Here's the question I keep coming back to: when a security agent opens a PR, proposes a patch, and a junior dev merges it without fully understanding the change, and something breaks in production, what happened?

This isn't hypothetical. It's the exact failure mode that shows up when any automation gets trusted faster than it should be. The agent found a real vulnerability and proposed a real fix. The fix had a side effect nobody caught. Production went down.

The governance infrastructure most teams have isn't built for this. Code review processes assume a human wrote the code and can explain the decision. When an agent writes it, that accountability chain gets murky. Who signed off? Who owns the logic? Who gets paged at 3am?

I'm not arguing against these tools. The capabilities are real and the false-positive improvements are meaningful. But "trust the agent" is not a governance model.

At minimum, teams need clear policies before they flip the switch:

What categories of changes can an agent propose without extra review?
Who is responsible for reviewing agent-generated patches?
What's the escalation path when an agent fix creates a regression?
How do you audit what the agent touched and when?

Most teams don't have written answers to any of those questions yet. That's the gap.

Your options

If you want to evaluate this space now, the practical breakdown looks like this.

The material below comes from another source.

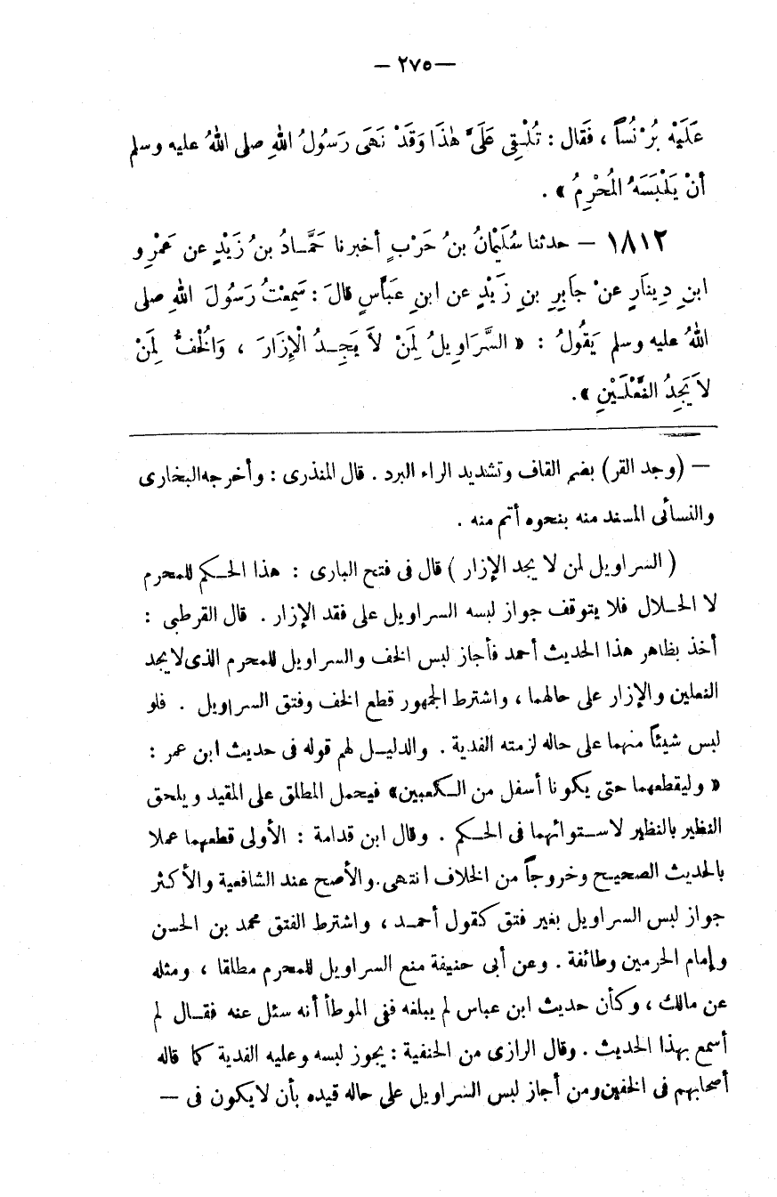 : قَالَ فِي فَتْح الْبَارِي : هَذَا الْحُكْم لِلْمُحْرِمِ لَا الْحَلَال فَلَا يَتَوَقَّف جَوَاز لُبْسه السَّرَاوِيل عَلَى فَقْد الْإِزَار . قَالَ الْقُرْطُبِيّ : أَخَذَ بِظَاهِرِ هَذَا الْحَدِيث أَحْمَد فَأَجَازَ لُبْس الْخُفّ وَالسَّرَاوِيل لِلْمُحْرِمِ الَّذِي لَا يَجِد النَّعْلَيْنِ وَالْإِزَار عَلَى حَالهمَا ، وَاشْتَرَطَ الْجُمْهُور قَطْع الْخُفّ وَفَتْق السَّرَاوِيل : فَلَوْ لَبِسَ شَيْئًا مِنْهُمَا عَلَى حَاله لَزِمَتْهُ الْفِدْيَة . وَالدَّلِيل لَهُمْ قَوْله فِي حَدِيث اِبْن عُمَر : " وَلْيَقْطَعْهُمَا حَتَّى يَكُونَا أَسْفَل مِنْ الْكَعْبَيْنِ " فَيُحْمَل الْمُطْلَق عَلَى الْمُقَيَّد وَيُلْحَق النَّظِير بِالنَّظِيرِ لِاسْتِوَائِهِمَا فِي الْحُكْم . وَقَالَ اِبْن قُدَامَةَ : الْأَوْلَى قَطْعهمَا عَمَلًا بِالْحَدِيثِ الصَّحِيح وَخُرُوجًا مِنْ الْخِلَاف اِنْتَهَى . وَالْأَصَحّ عِنْد الشَّافِعِيَّة وَالْأَكْثَر جَوَاز لُبْس السَّرَاوِيل بِغَيْرِ فَتْق كَقَوْلِ أَحْمَد ، وَاشْتَرَطَ الْفَتْق مُحَمَّد بْن الْحَسَن وَإِمَام الْحَرَمَيْنِ وَطَائِفَة . وَعَنْ أَبِي حَنِيفَة مَنْع السَّرَاوِيل لِلْمُحْرِمِ مُطْلَقًا ، وَمِثْله عَنْ مَالِك ، وَكَأَنَّ حَدِيث اِبْن عَبَّاس لَمْ يَبْلُغْهُ فَفِي الْمُوَطَّأ أَنَّهُ سُئِلَ عَنْهُ فَقَالَ لَمْ أَسْمَع بِهَذَا الْحَدِيث . وَقَالَ الرَّازِيّ مِنْ الْحَنَفِيَّة : يَجُوز لُبْسه وَعَلَيْهِ الْفِدْيَة كَمَا قَالَهُ أَصْحَابهمْ فِي الْخُفَّيْنِ وَمَنْ أَجَازَ لُبْس السَّرَاوِيل عَلَى حَاله قَيَّدَهُ بِأَنْ لَا يَكُون فِي @

Codex Security makes sense if you're already in the OpenAI ecosystem. The sandboxed validation is a genuine differentiator. It's in research preview, free for 30 days for ChatGPT Pro/Enterprise/Business/Edu customers. Good signal-to-noise ratio is worth testing.

Claude Code Security is the better fit for complex or regulated codebases where understanding context matters. If your team already runs Claude Code for development, the integration is natural. Anthropic's long-context reasoning shows up in the places where most security scanners fall flat.

Roll your own is also a legitimate option. With Claude Code and OpenClaw, you can set up nightly repo scans, file GitHub issues for findings, and customize the workflow to match how your team actually operates. This takes more setup but gives you full control over what the agent can and can't do, and it keeps the findings inside your tooling rather than passing them through a third-party service.

That last option is exactly what we help teams build through our Agent in a Day offering. Instead of buying a black-box security product, you get a workflow that fits your stack and stays in your control.

On choosing between them

I've been using Claude Code as my daily driver, so I'm not a neutral party here. But the honest comparison is that these tools solve slightly different problems. Codex Security is strong on scan speed and false-positive reduction at scale. Claude Code Security is stronger when the codebase is complex enough that pattern matching misses the real issues.

Neither one replaces a security-focused engineer. They make that engineer significantly more effective. If you don't have one, they don't fill the gap in the way the press releases imply.

The thing I'd actually watch is what happens at the agentic layer over the next six months. Both OpenAI and Anthropic are clearly moving toward agents that don't just propose patches but can also open PRs, run tests, and iterate. That's where the governance question gets harder.

What teams with agent-heavy workflows need

If you're running multiple agents, or thinking seriously about giving agents write access to production infrastructure, you probably need someone thinking about the oversight layer, not just the capability layer.

That's what our Fractional AI Lead is for. Not picking the best model (that changes every six weeks anyway), but building the policies, review processes, and accountability structures that let your team actually use these tools safely. The capability questions are mostly answered. The governance questions are where teams get stuck.

Two major labs shipped autonomous security agents in two weeks. That pace isn't slowing down. Getting your internal processes ready is the work that doesn't make headlines but matters more.